Он хрипло выдохнул и…
И не стало больше двух тел, переплетенных на огромной раскачивающейся кровати. Было одно на двоих тело, одно на двоих дыхание, одно на двоих громадное сердце, что бухало в немыслимом темпе, гнало общую кровь по общим венам. Воздух словно раскалился, окрасился огненными всполохами.
Мы поднимались выше и выше, быстрее, быстрее, и нечем стало дышать, и незачем…
Мир взорвался, я выгнулась дугой, и обмякла, погружаясь в ослепительное блаженство, немыслимое наслаждение…
Тело было легким и сытым, я медленно выплывала из сладкой неги.
Дежавю.
Голова моя лежала на плече магистра Рониура, рука совершенно по-хозяйски обнимала его торс.
Нет, не совсем дежавю. Убегать я сейчас не собиралась.

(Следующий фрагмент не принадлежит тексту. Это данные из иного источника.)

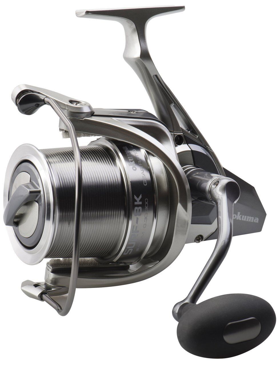 2018'de Okuma' nın yeni konsepti olan Long Casting spin makine, Surf 8K; sadece rotor fren sistemi, fırça koruyuculu rotor, hızlı ayarlanan ters dönüş kilit sistemi gibi Okuma' nın patentli tasarımlarını korumakla kalmadı, aynı zamanda tüm fonksiyonları ve parçaları yükseltti. Surf 8K, solucan milli güç aktarma ve süper yavaş salınım sistemlerine (SOS) sahiptir. Misina daha düz ve sıkı sarım yaptığı için atışlarda daha az sürtünme ve daha iyi performans sağlar. Daha uzun atış menzili için tasarlanmış konik makara yeterli açı varsa uzun atış sağlar.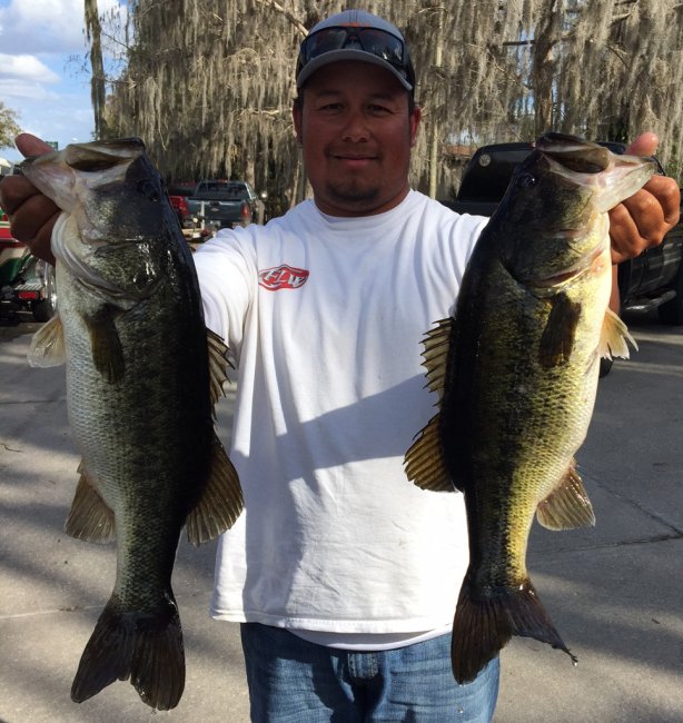 That's Santos "Junior" Solis with the best 2 of 15.03 pounds he and Jim Folks caught on lipless crankbaits over submerged vegetation and flipping in Lake Toho. They reported catching the majority of the weight first thing in the morning on the lipless crankbait bite in a quick flurry. Their catch took 2nd at our Lake Cypress event on February 22, 2015. (Photo by Alan Elder)

– Как ты? – раздался хриплый голос.
Как я? Что ни скажи, будет блеклым и невнятным. Для моего «как я» просто не существовало слов. То, что я только что пережила, было настолько острым и ярким, что удивительно, как я не потеряла сознание.
– Лучше всех…
Я вдохнула запах своего мужчины, блаженно зажмурилась и коснулась губами кожи. Она была горячей, влажной и немного соленой.
Сильные руки крепко обняли, потянули на себя и все это сладкое безумие началось заново.
Уснули мы далеко за полночь.
Я проснулась совершенно счастливой. В спальне магистра Рониура, в его кровати.
Только вот самого магистра в ней не было, а из-за двери раздавалось тихое звяканье посуды. Значит, он занимался нашим завтраком. Я тихонько вздохнула. Всё-таки хотелось проснуться рядом с ним, уткнуться носом в ложбинку на шее, вдохнуть его запах, а ещё не помешал бы поцелуй – полусонный, долгий и нежный.
Но, кажется, кое-кто не привык разлёживаться в постели.
Я выбралась из-под одеяла. Моя одежда аккуратной стопкой лежала на стуле. Но запаковываться в форменное платье не хотелось. Я без спроса залезла в шкаф и достала рубашку, умылась, покрутилась перед зеркалом, пришла к выводу, что выгляжу потрясающе, и вышла из спальни.
Завтрак был уже на столе, а магистр разливал чай по кружкам. И тут мне стало не по себе. Что, если сейчас он скажет: «Наш брак подтверждён, теперь всё в порядке» и продолжит разговаривать со мной так же прохладно и отстранённо, как и раньше?
От одной этой мысли сердце упало.
– Доброе утро, – прошептала я еле слышно.
– Согласен, – кивнул магистр Рониур, аккуратно ставя чайник. – Утро и правда доброе.
А в следующий миг молниеносным движением притянул меня к себе и поцеловал тем самым долгим и нежным утренним поцелуем, о котором я недавно мечтала.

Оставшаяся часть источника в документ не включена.